What to work on
Every line from the first record below down to the line that includes "DraußenDie Ferienunterkunft liegt" must be reproduced exactly; the pictures are not.
::: Input :::
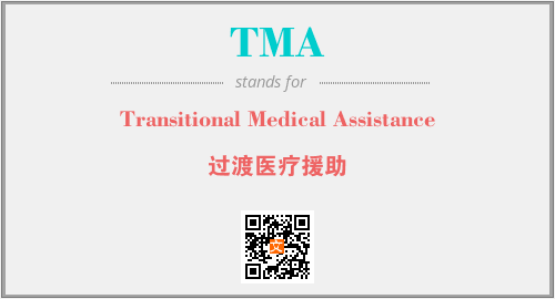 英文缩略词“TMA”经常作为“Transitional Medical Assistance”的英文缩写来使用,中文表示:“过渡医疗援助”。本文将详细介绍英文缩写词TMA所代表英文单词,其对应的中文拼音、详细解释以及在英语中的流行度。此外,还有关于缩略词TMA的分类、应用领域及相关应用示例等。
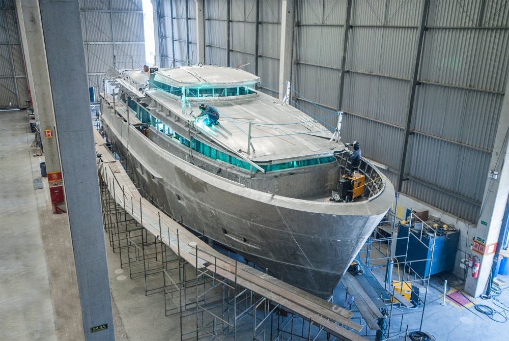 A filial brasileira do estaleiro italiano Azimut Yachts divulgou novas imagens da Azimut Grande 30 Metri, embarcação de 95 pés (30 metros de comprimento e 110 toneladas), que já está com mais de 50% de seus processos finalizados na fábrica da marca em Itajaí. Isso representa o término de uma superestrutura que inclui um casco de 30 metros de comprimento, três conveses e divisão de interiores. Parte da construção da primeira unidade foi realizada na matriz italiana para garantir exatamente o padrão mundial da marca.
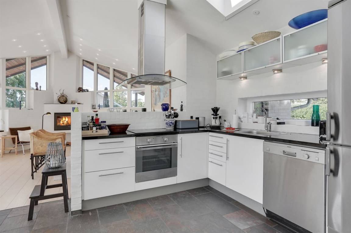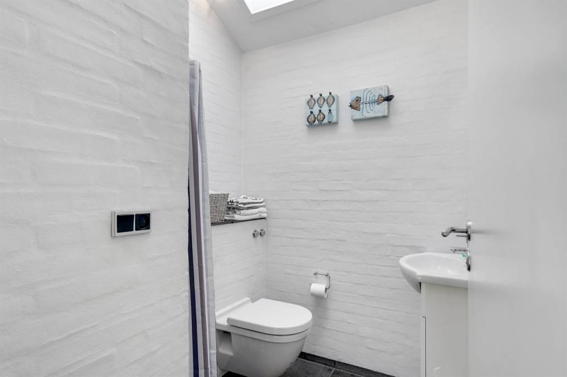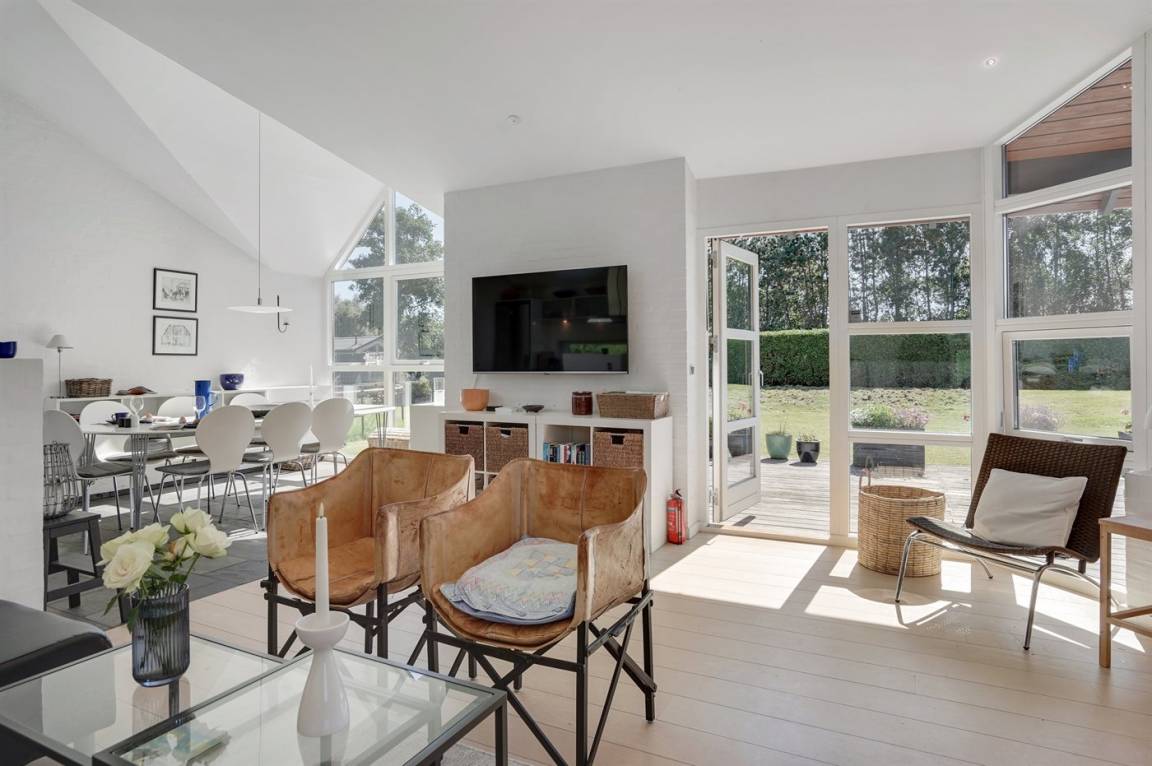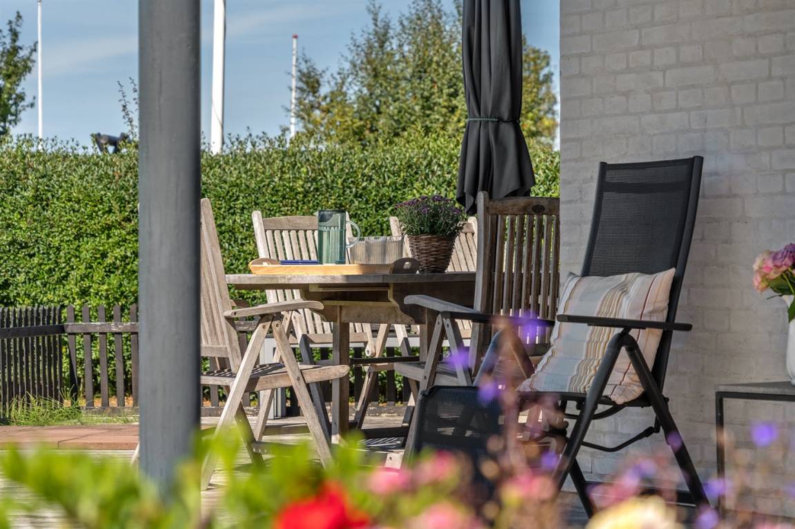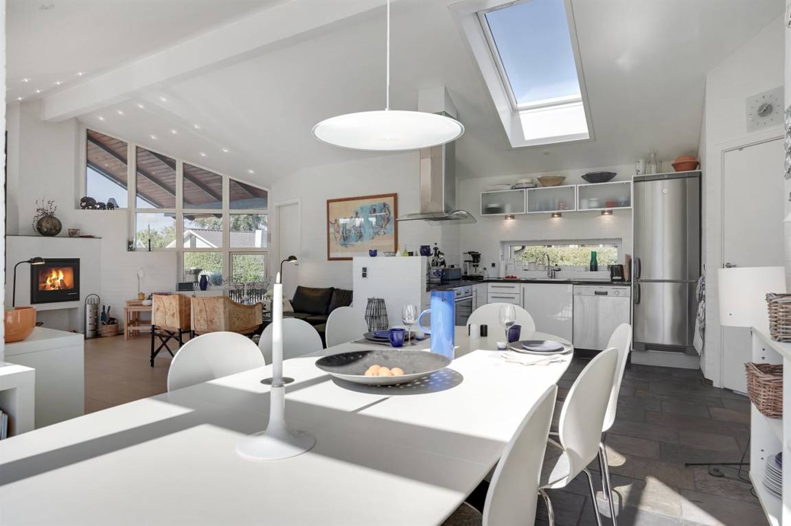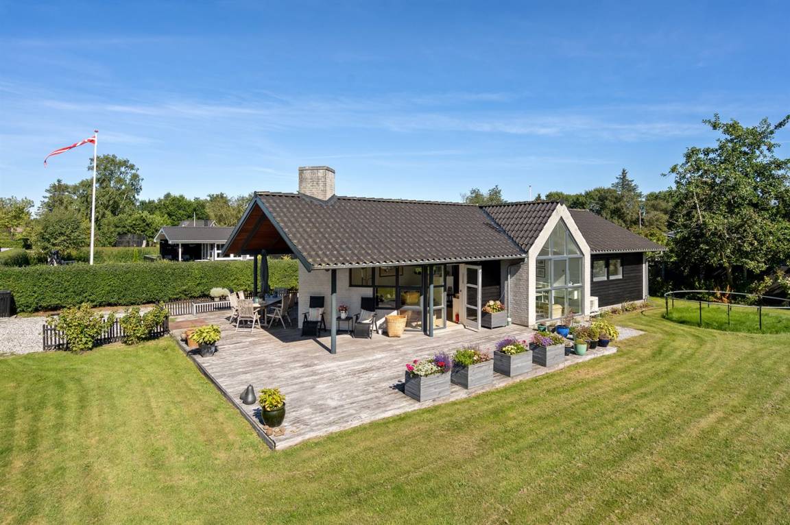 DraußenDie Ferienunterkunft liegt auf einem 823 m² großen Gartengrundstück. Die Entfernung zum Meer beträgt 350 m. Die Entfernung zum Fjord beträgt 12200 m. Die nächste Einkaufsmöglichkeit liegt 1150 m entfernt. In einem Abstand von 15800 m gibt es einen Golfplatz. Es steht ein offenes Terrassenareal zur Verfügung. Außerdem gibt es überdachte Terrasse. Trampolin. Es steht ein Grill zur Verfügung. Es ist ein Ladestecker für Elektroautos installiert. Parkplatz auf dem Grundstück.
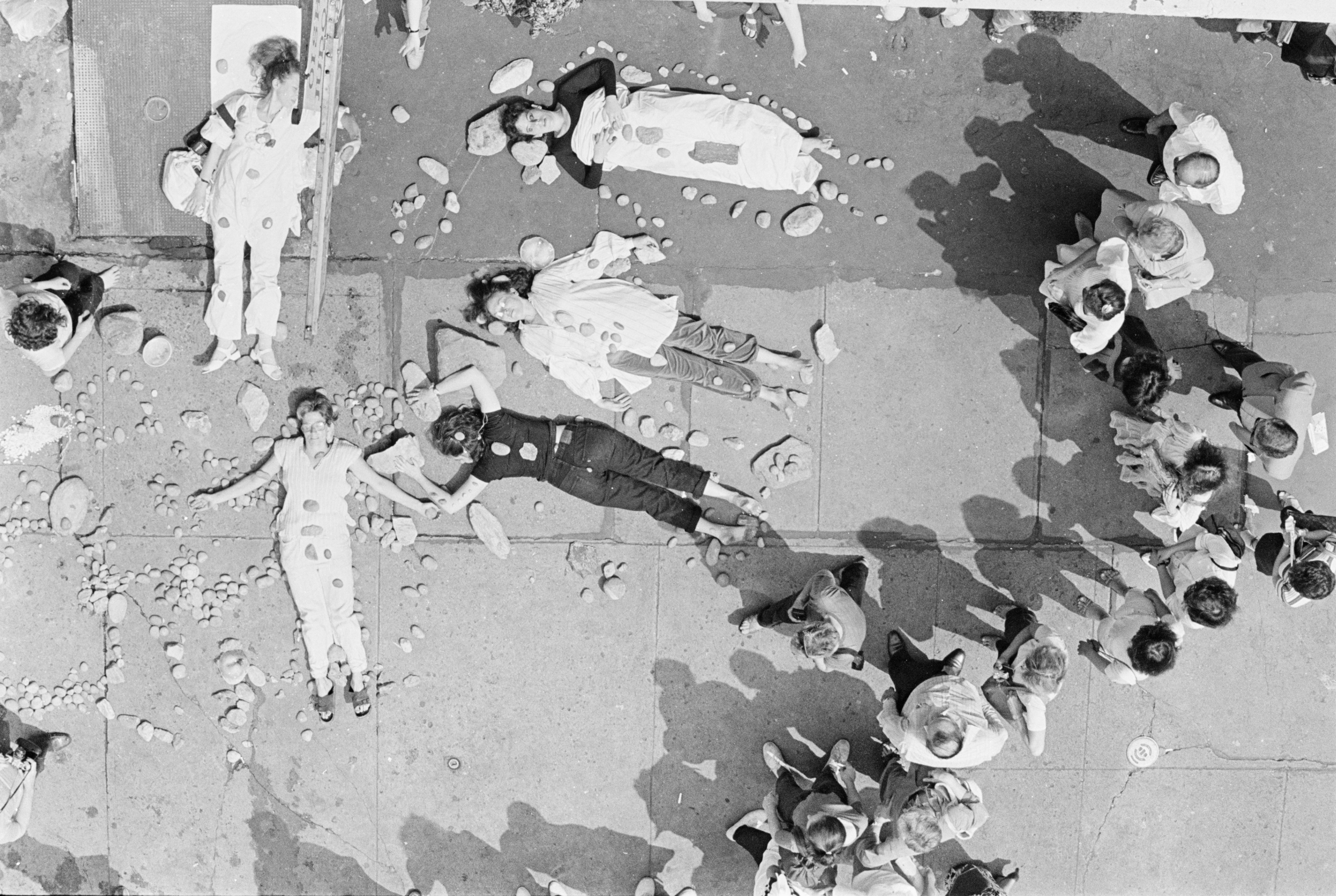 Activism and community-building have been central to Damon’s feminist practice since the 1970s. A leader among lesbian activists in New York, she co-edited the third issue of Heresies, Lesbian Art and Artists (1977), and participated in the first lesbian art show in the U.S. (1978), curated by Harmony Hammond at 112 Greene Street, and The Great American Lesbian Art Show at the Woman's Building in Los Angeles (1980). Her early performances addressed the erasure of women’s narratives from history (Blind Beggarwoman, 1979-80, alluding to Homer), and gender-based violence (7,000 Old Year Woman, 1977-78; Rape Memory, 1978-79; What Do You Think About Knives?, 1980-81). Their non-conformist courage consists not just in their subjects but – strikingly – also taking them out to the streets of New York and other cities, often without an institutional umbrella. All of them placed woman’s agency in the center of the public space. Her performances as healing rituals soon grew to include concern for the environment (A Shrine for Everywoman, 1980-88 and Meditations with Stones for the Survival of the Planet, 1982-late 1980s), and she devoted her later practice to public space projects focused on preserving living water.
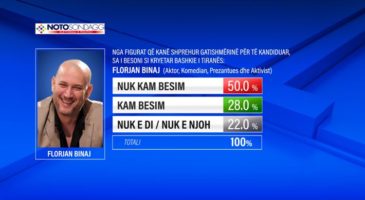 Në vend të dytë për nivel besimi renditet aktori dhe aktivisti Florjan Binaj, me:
:::
Your response
 英文缩略词“TMA”经常作为“Transitional Medical Assistance”的英文缩写来使用,中文表示:“过渡医疗援助”。本文将详细介绍英文缩写词TMA所代表英文单词,其对应的中文拼音、详细解释以及在英语中的流行度。此外,还有关于缩略词TMA的分类、应用领域及相关应用示例等。
 A filial brasileira do estaleiro italiano Azimut Yachts divulgou novas imagens da Azimut Grande 30 Metri, embarcação de 95 pés (30 metros de comprimento e 110 toneladas), que já está com mais de 50% de seus processos finalizados na fábrica da marca em Itajaí. Isso representa o término de uma superestrutura que inclui um casco de 30 metros de comprimento, três conveses e divisão de interiores. Parte da construção da primeira unidade foi realizada na matriz italiana para garantir exatamente o padrão mundial da marca.
 DraußenDie Ferienunterkunft liegt auf einem 823 m² großen Gartengrundstück. Die Entfernung zum Meer beträgt 350 m. Die Entfernung zum Fjord beträgt 12200 m. Die nächste Einkaufsmöglichkeit liegt 1150 m entfernt. In einem Abstand von 15800 m gibt es einen Golfplatz. Es steht ein offenes Terrassenareal zur Verfügung. Außerdem gibt es überdachte Terrasse. Trampolin. Es steht ein Grill zur Verfügung. Es ist ein Ladestecker für Elektroautos installiert. Parkplatz auf dem Grundstück.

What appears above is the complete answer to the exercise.